Technology giant Computer Sciences Corporation (CSC) is facing a mass boycott of its services after becoming the latest business to be caught up in the US ‘war on terror’.
The company, whose technology, data and outsourcing clients include Royal Mail, Orange, Coca-Cola, Diageo, Transport for London, and Virgin Atlantic, is one of a number of corporations – including Acxiom and CACI – which work for the intelligence services.
Now CSC has been accused of working with the CIA on illegal rendition flights – in which aircraft are used to move prisoners internationally in so-called ‘torture taxis’.
The company has been linked in court documents to the rendition of German citizen Khaled El-Masri, whose case against CIA collaborators in the Macedonian intelligence services is pending at the European Court of Human Rights.
El-Masri, a greengrocer from Neu-Ulm, was abducted in Macedonia on 31 December 2003 after being mistaken for a known terrorist by the CIA.
According to testimony he was blindfolded, beaten, sodomised, chained, hooded, drugged, flown to Afghanistan, and then to Albania on a plane allegedly chartered by CSC, where he was left on a remote road in the middle of the night approximately 1,500km from his home.
Human rights charity Reprieve has gathered documents that it says demonstrate CSC had been contracted to this and other illegal CIA renditions, and is calling for a boycott.
Reprieve has already written to Transport for London (TfL) which has paid CSC £100m on a temporary contract awarded in 2007. It has also written to the Ministry of Defence, which recently awarded CSC a £400m contract to administer pensions for veterans.
“We believe it is unethical for companies like Transport for London to give significant contracts to CSC,” said the charity. “We have done research on other companies who have contractual relationships with CSC and will be writing to them.”
In a written statement CSC said: “For over 50 years [we have] supported governments and private sector organisations, and done so within the law. As a matter of principle, CSC does not comment on speculation about its customers or their activities.”
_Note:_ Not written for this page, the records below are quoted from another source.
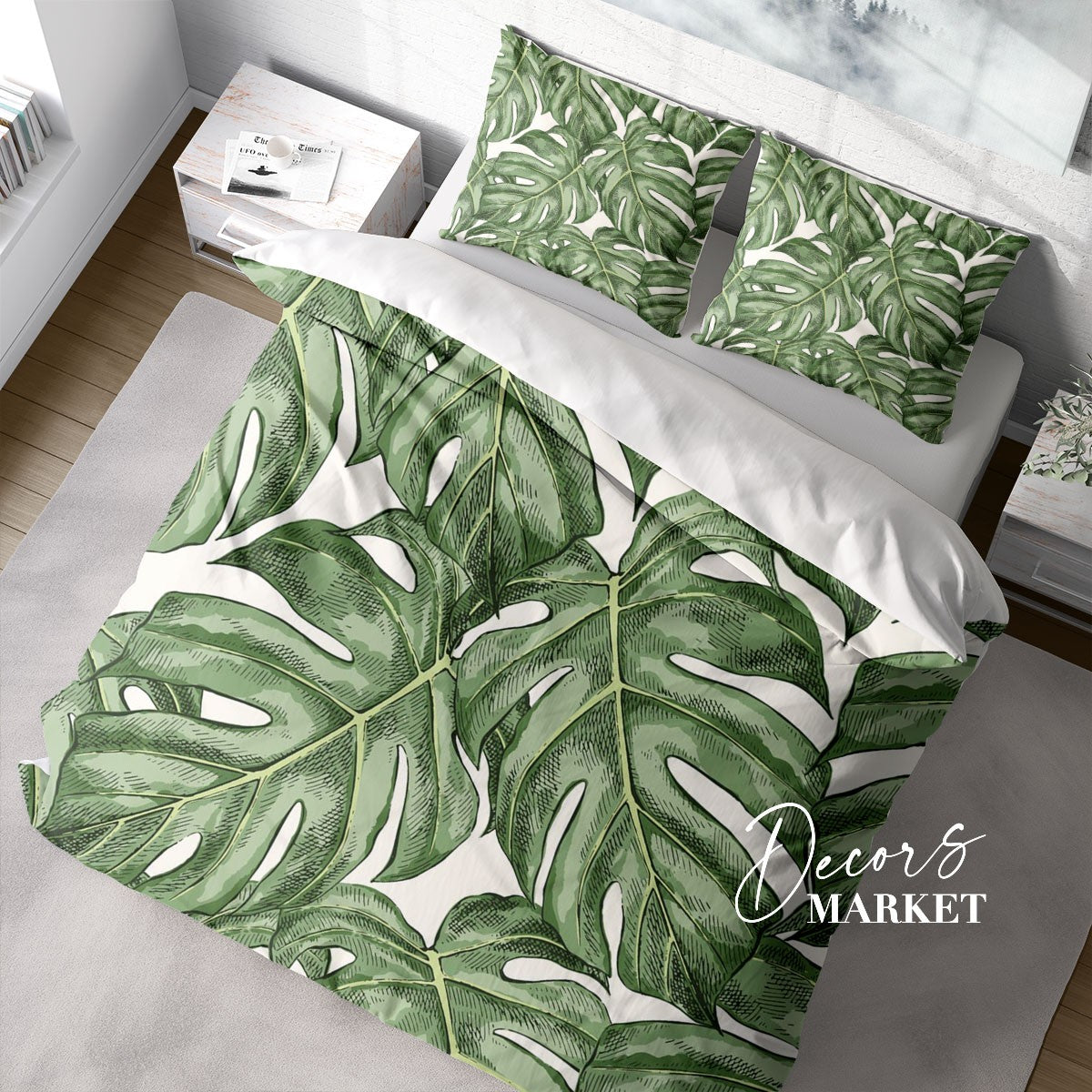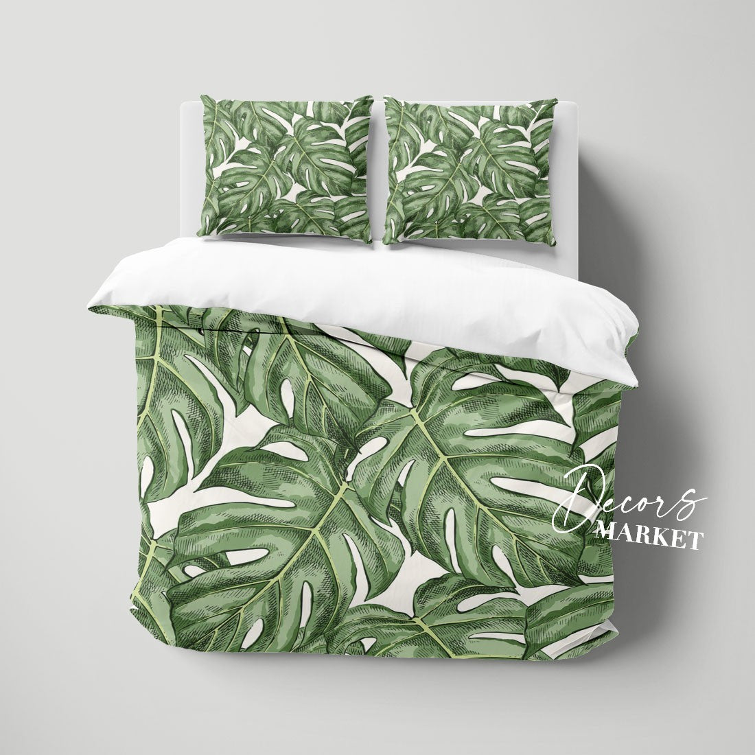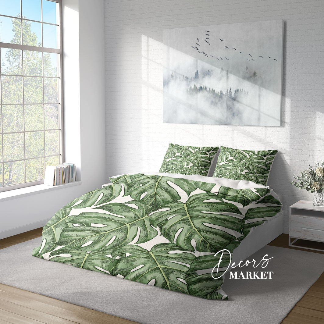 Monstera Leaves Duvet Cover Set w Pillowcases, Green Floral Leaves 3D Quilt Cover, 3pc Single Double Queen King Size Doona Cover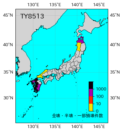 | 青森県 | 24 | 1 | 129 | 5 | 72 | 青森県「昭和60年災害による被害」 | |||
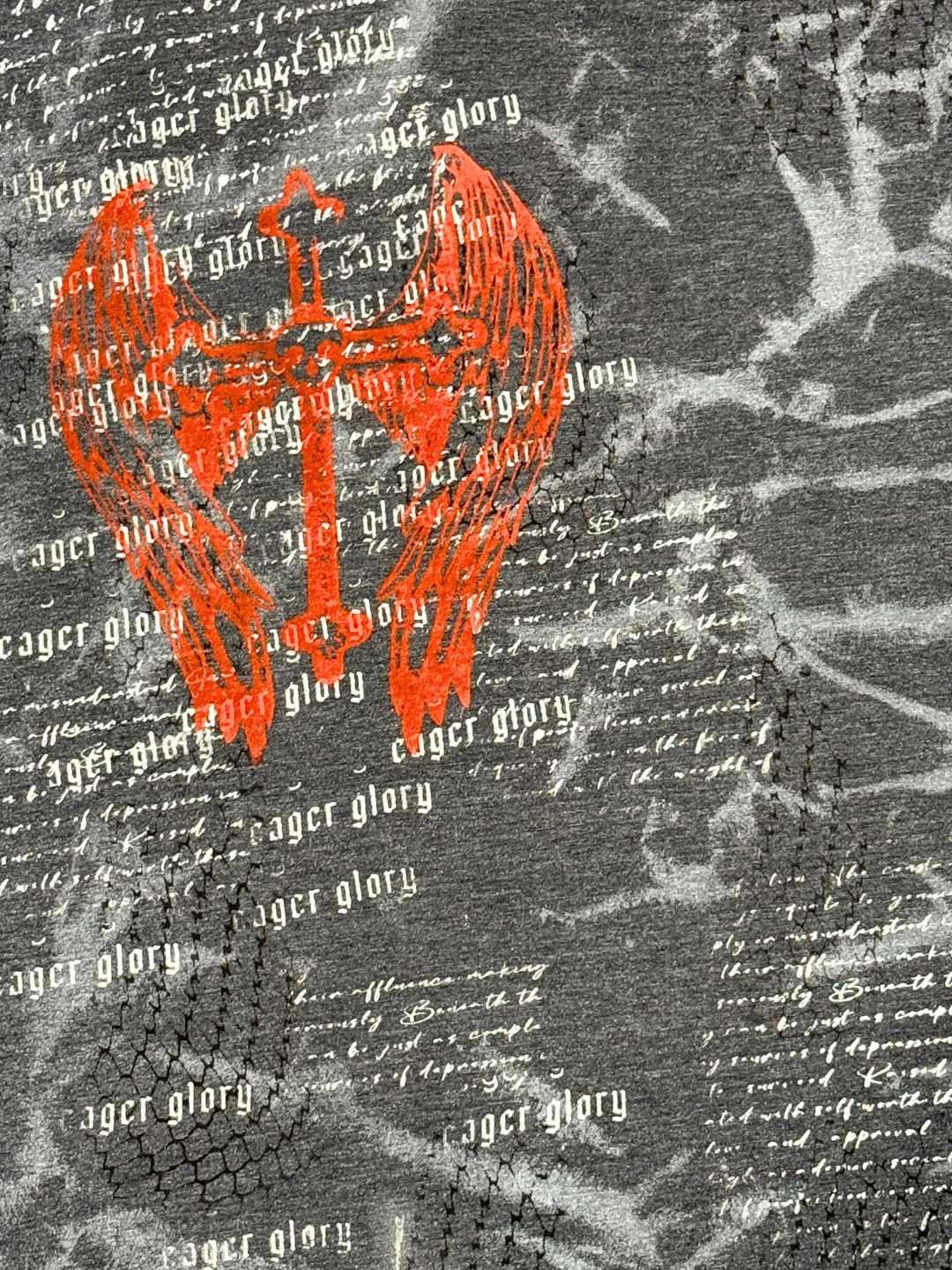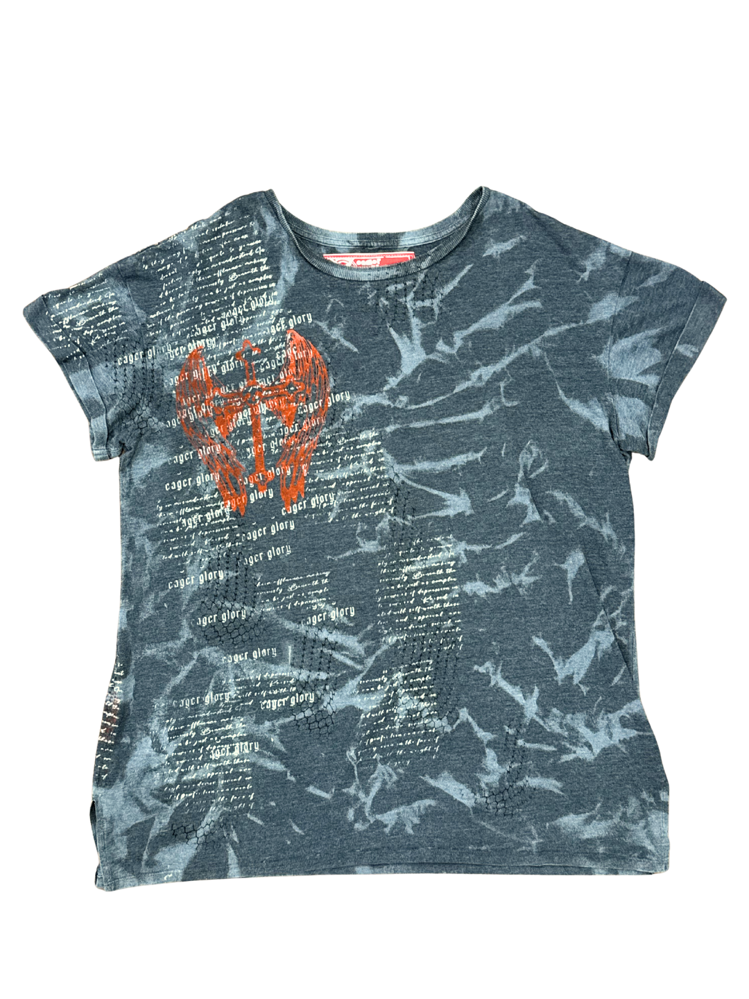 • 1. ✮ I YEARN ✮ Sz XL ✮ Screenprinted Grey T Shirt- Cotton/Polyester ✮ Measurements: Chest - 47cm / Length - 68cm / Sleeve - 27cm ✮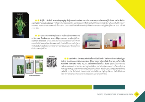 คณะเกษตร ก�าแพงแสน และคณะ ข้าวที่เหมาะกับการปลูกในฤดูร้อน และได้ขอออกหนังสือรับรองพันธุ์พืชขึ้นทะเบียนกับส�านักงานคุ้มครองพันธุ์พืช กรมวิชา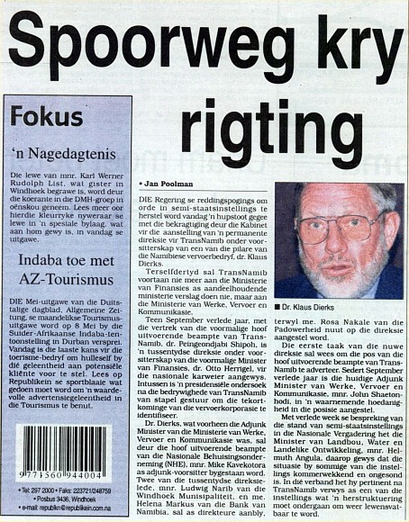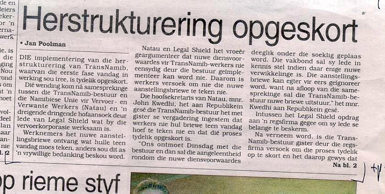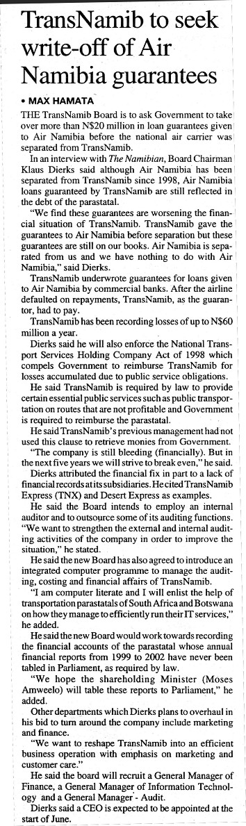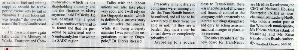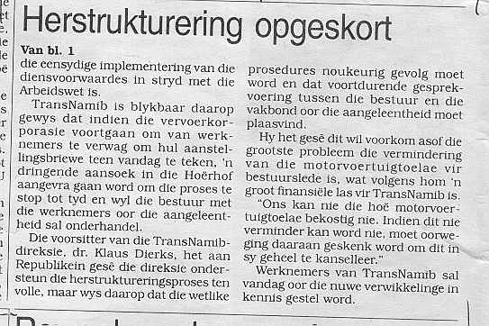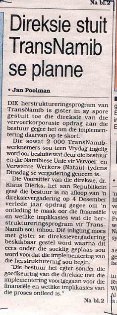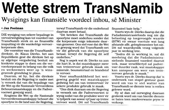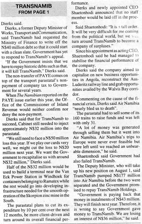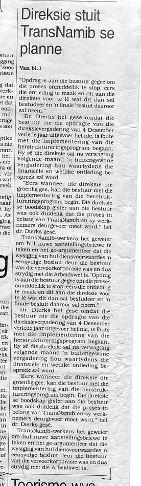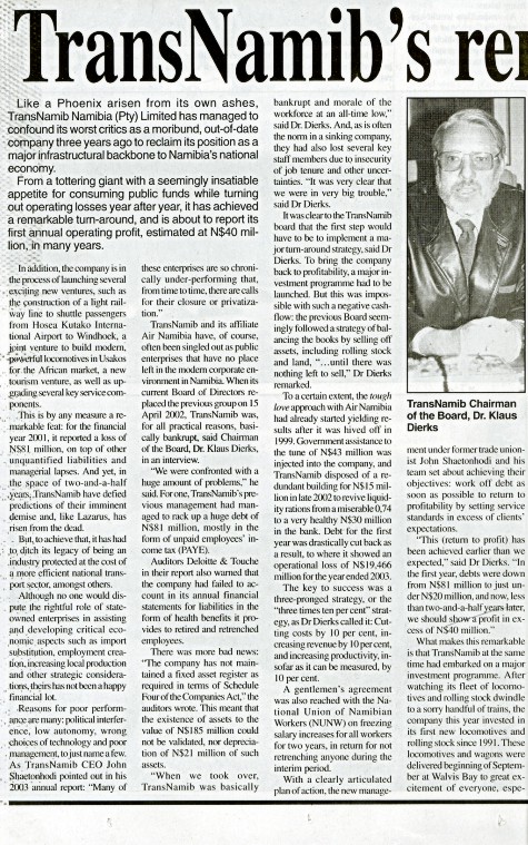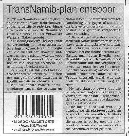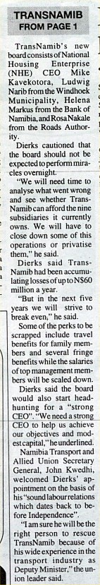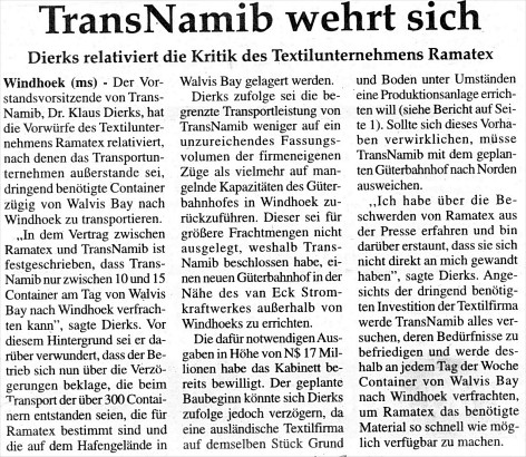 PRESS REFLECTIONS ON TRANSNAMIB'S

CSC is not the first business for face problems over its links to intelligence services. Back in 2004, a group of 256 Iraqis sued CACI International and Titan Corporation (now L-3 Services) in the US federal court. The plaintiffs, former prisoners, allege that the companies directed and participated in torture, war crimes, crimes against humanity, sexual assault, as well as cruel, inhuman and degrading treatment at Abu Ghraib prison. The case is still pending.